Machine learning discovery of a new cobalt free multi-principal-element alloy with excellent mechanical properties

In the present study, the machine learning (ML) method was utilized to construct a composition–structure–property model incorporating physical features. To enhance the predictive accuracy, the volume fraction of the two phase microstructure was merged into the dataset serving as the physical constraint for the input variables. The physical features, the chemical composition and the temperature difference between the initial and final melting temperatures were selected as the input and output variables, respectively. To deal with the small sample data, the generalized regression neural network (GRNN) was selected and applied with optimization algorithms e.g., fruit fly optimization algorithm (FOA) and particle swarm optimization (PSO).
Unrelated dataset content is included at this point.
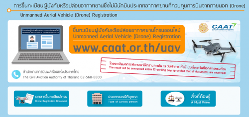 ลงทะเบียนทะเบียนผู้บังคับโดรนกับกรมการบินพลเรือนฯ
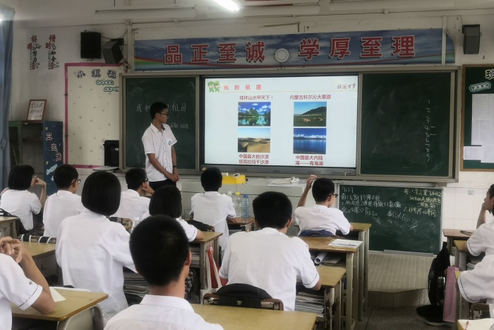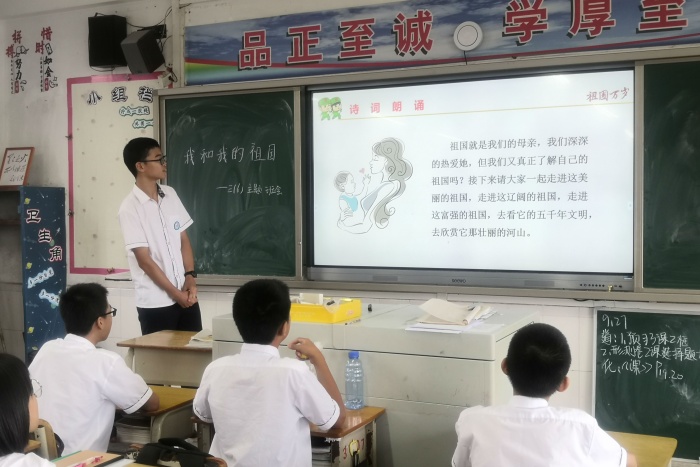 第三章為“熱愛祖國”。最后,班長趙軒同學提出了中學生愛國的做法,相信同學們一定都會銘記于心中。臨近結束,班主任歐陽艷珊老師播放了《我和我的祖國》視頻,不少同學都被觸動到心靈,眼里不僅是晶瑩的眼珠,更是對祖國的愛。

The performance of the GRNN, FOA-GRNN and PSO-GRNN models were compared. As a result, the PSO-GRNN model was the most promising model and could be utilized to search for new multi-principal elements alloy (MPEAs) with targeted properties. Based on the ML results, a novel Fe2.5Ni2.5CrAl MPEA was designed and synthesized for experimental characterization. The DSC analysis shows that the developed alloy possesses narrower melting range and the predicted value is in excellent agreement with experiments with a relative error below 10%. The designed alloy possesses a typical dual-phase structure (FCC+BCC/B2) and exhibits exceptional mechanical properties with superior plasticity at the cast condition. This property improvement is due to solid solution strengthening and nanoparticles strengthening effects. Our proposed alloy can be a promising choice for selected high performance applications.